Tra una chiacchiera e l’altra, i due hanno avuto modo di inventarsi un progetto di collaborazione basato prima di tutto sull’amicizia e il rispetto, e poi sull’amore per la cucina e il fiuto per gli affari.
Il risultato sono dei ravioli cinesi eccezionali, una produzione innovativa e una vendita super easy, appunto take away, mentre la qualità, prima che sentirsi al palato, è spiegata sul bancone: farine pregiate e poco raffinate a km zero, carne di qualità del vicino. I due, così, si fanno pubblicità a vicenda, si stimolano a vicenda, si aiutano e si prestano frigoriferi e padelle, rinnovano la zona mentre la tuffano nella tradizione.
Il successo dipende anche dal sorriso di chi ti vende i ravioli. Vero, non tutti i cinesi della nostra Chinatown sono disponibili come le “signore” di Agie, donne di casa che nulla sapevano di ristorazione, e che mentre ti impastano il raviolo sono pronte a chiacchierare. Ma la colpa è anche nostra, che non abbiamo mai saputo valorizzare anche turisticamente – a partire dalle classiche porte d’ingresso con dragone! – questa bella e antica parte di Milano che, si vede proprio da questa storia, potrebbe portare ricchezza e invece rimane un luogo di divisione, da sempre penalizzato da ordinanze nemiche dei negozi cinesi.
Stando in fila ad aspettare i miei ravioli – o, sottolineo, l’altrettanto valida piadina cinese: deliziosa! – capita di trovare gli italiani un po’ impreparati sul concetto di street food. Prendono in mano l’involucro fumante e si guardano intorno, e chiedono: “Beh, magari li mangiamo sulla panchina?” “Ma anche camminando!”, risponde la signora cinese alla cassa che, ricorda: “È così che funziona”. Come funzioni lo street food noi italiani non lo abbiamo capito ancora bene.
Ci piace, ma ci fa strano non avere le gambe sotto al tavolo se ci troviamo in mano una forchetta.

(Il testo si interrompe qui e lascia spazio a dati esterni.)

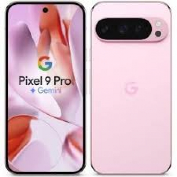 Google Pixel 9 Pro 5G en color rosa con 16 GB de RAM y 256 GB de almacenamiento. Alta potencia y calidad fotográfica.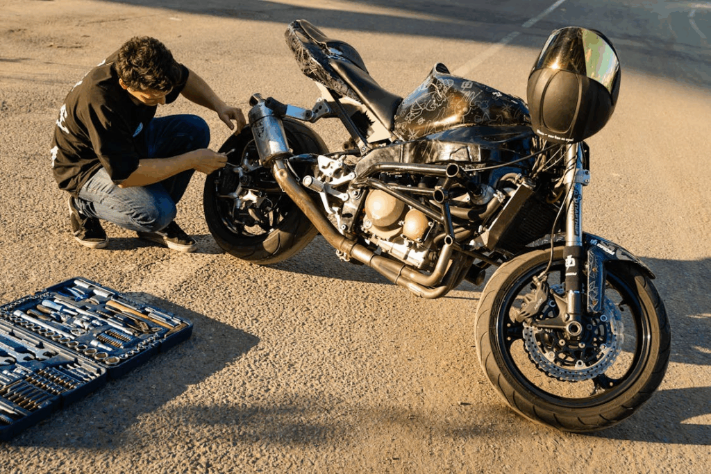 You don’t need a garage full of fancy tools. Here’s what actually matters: a basic socket set, a few screwdrivers, a tire pressure gauge, some clean rags, chain lube, and decent lighting so you can see what you’re doing. Maybe grab some oil if you’re running low. That’s it.

Per carità, impariamo in fretta, e le file da Agie si fanno sempre più lunghe, come pure nei locali cinesi che hanno presto imitato la formula. A pochi passi c’è la trattoria che prepara piatti tipici cinesi e che sulla vetrata specifica che, assieme al cibo, ti vendono anche la cultura.
Poco più in là ci sono le zuppe da mangiare passeggiando. Uno stile facile quello del take away, ma che – chissà perché – ancora non decolla da noi, almeno da noi ristoratori italiani.